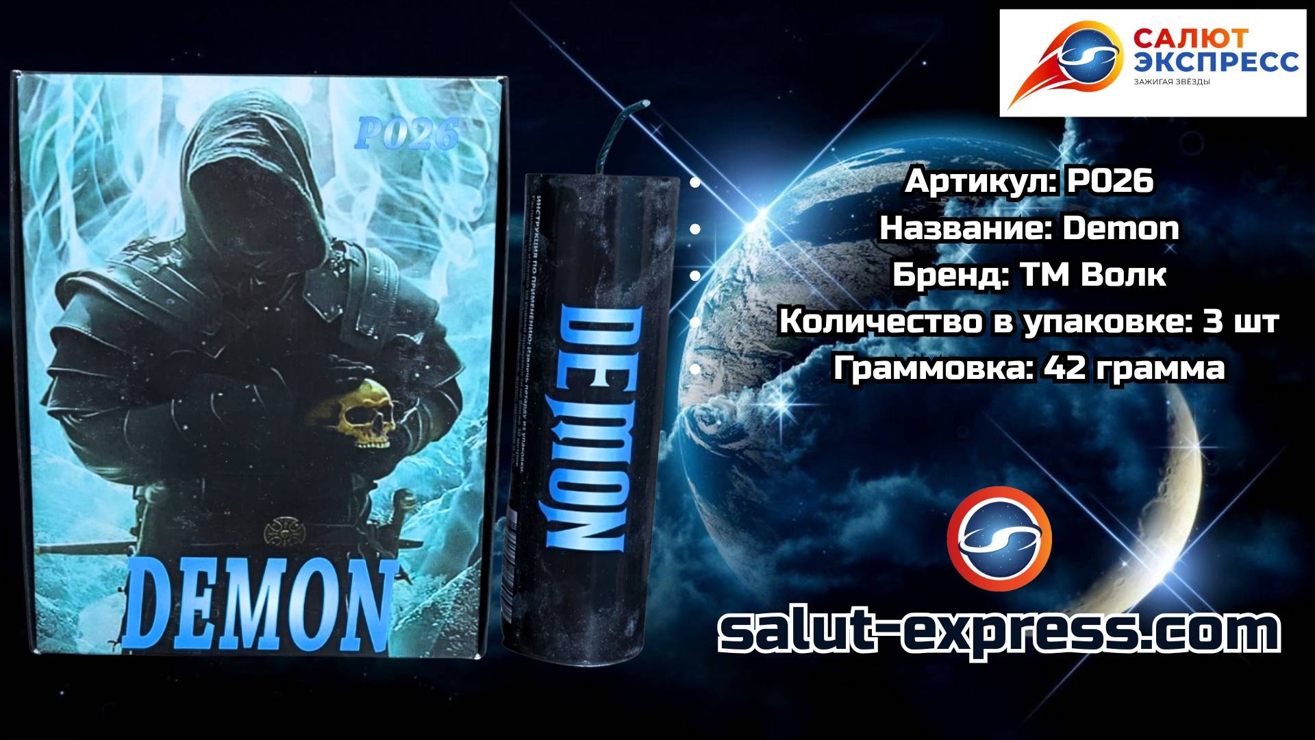 P026 Demon | мощная петарда (42 г, 1 и 3 шт.) | ТМ Волк
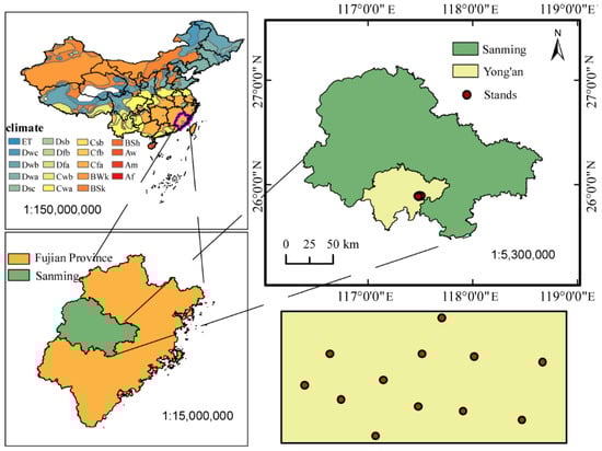 This study was conducted at the Tianbaoyan National Nature Reserve (25°50′51″–26°01′20″ N, 117°28′03″–117°35′28″ E, Fujian Province, China). (Figure 1). The area is characterized by a mid-subtropical marine monsoon climate, with an annual average temperature of 15 °C (min. and max. are −11 °C and 40 °C, respectively) and precipitation of 2039 mm, with an annual average relative humidity >80% and an annual average frost-free period of approximately 290 days. This region is dominated by middle and low mountains at 580–1604.8 m a.s.l., where the main type of soil is subsoil accumulation of humus and/or oxides [29,30]. Moso bamboo is a fast-growing shade-tolerant species with high economic value in this region. The main evergreen tree species with Moso bamboo were Castanopsis chinensis (Sprengel) Hance and Castanopsis fargesii Franch., and the deciduous tree species were Alniphyllum fortunei (Hemsl.) Makino, and Choerospondias axillaris (Roxb.) Burtt et Hill. In 1996, the Chinese government designated the study area as a nature reserve; therefore, managers only harvested moso bamboo that had matured for 5–6 years in mixed bamboo–broadleaf forests.
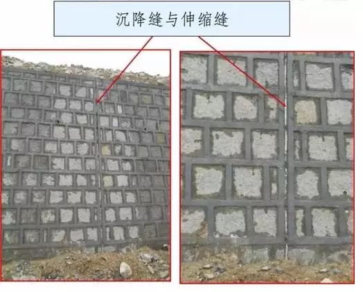 设计时,一般将沉降缝和伸缩缝合并设置,沿路线方向每隔10~15m设置一道,兼起两者的作用,缝宽2~3cm,缝内一般可用胶泥填塞,但在渗水量大、填料容易流失或冻害严重地区,则宜用沥青麻筋或涂以沥青的木板等具有弹性的材料,沿内、外、顶三方填塞,填深不宜小于0.15m,当墙后为岩石路堑或填石路堤时,可设置空缝。

* _TASK DESCRIPTION_: An exact, word-for-word version of the material is required, free of pictures.

* _TASK OUTPUT_:
 P026 Demon | мощная петарда (42 г, 1 и 3 шт.) | ТМ Волк
 This study was conducted at the Tianbaoyan National Nature Reserve (25°50′51″–26°01′20″ N, 117°28′03″–117°35′28″ E, Fujian Province, China). (Figure 1). The area is characterized by a mid-subtropical marine monsoon climate, with an annual average temperature of 15 °C (min. and max. are −11 °C and 40 °C, respectively) and precipitation of 2039 mm, with an annual average relative humidity >80% and an annual average frost-free period of approximately 290 days. This region is dominated by middle and low mountains at 580–1604.8 m a.s.l., where the main type of soil is subsoil accumulation of humus and/or oxides [29,30]. Moso bamboo is a fast-growing shade-tolerant species with high economic value in this region. The main evergreen tree species with Moso bamboo were Castanopsis chinensis (Sprengel) Hance and Castanopsis fargesii Franch., and the deciduous tree species were Alniphyllum fortunei (Hemsl.) Makino, and Choerospondias axillaris (Roxb.) Burtt et Hill. In 1996, the Chinese government designated the study area as a nature reserve; therefore, managers only harvested moso bamboo that had matured for 5–6 years in mixed bamboo–broadleaf forests.
 设计时,一般将沉降缝和伸缩缝合并设置,沿路线方向每隔10~15m设置一道,兼起两者的作用,缝宽2~3cm,缝内一般可用胶泥填塞,但在渗水量大、填料容易流失或冻害严重地区,则宜用沥青麻筋或涂以沥青的木板等具有弹性的材料,沿内、外、顶三方填塞,填深不宜小于0.15m,当墙后为岩石路堑或填石路堤时,可设置空缝。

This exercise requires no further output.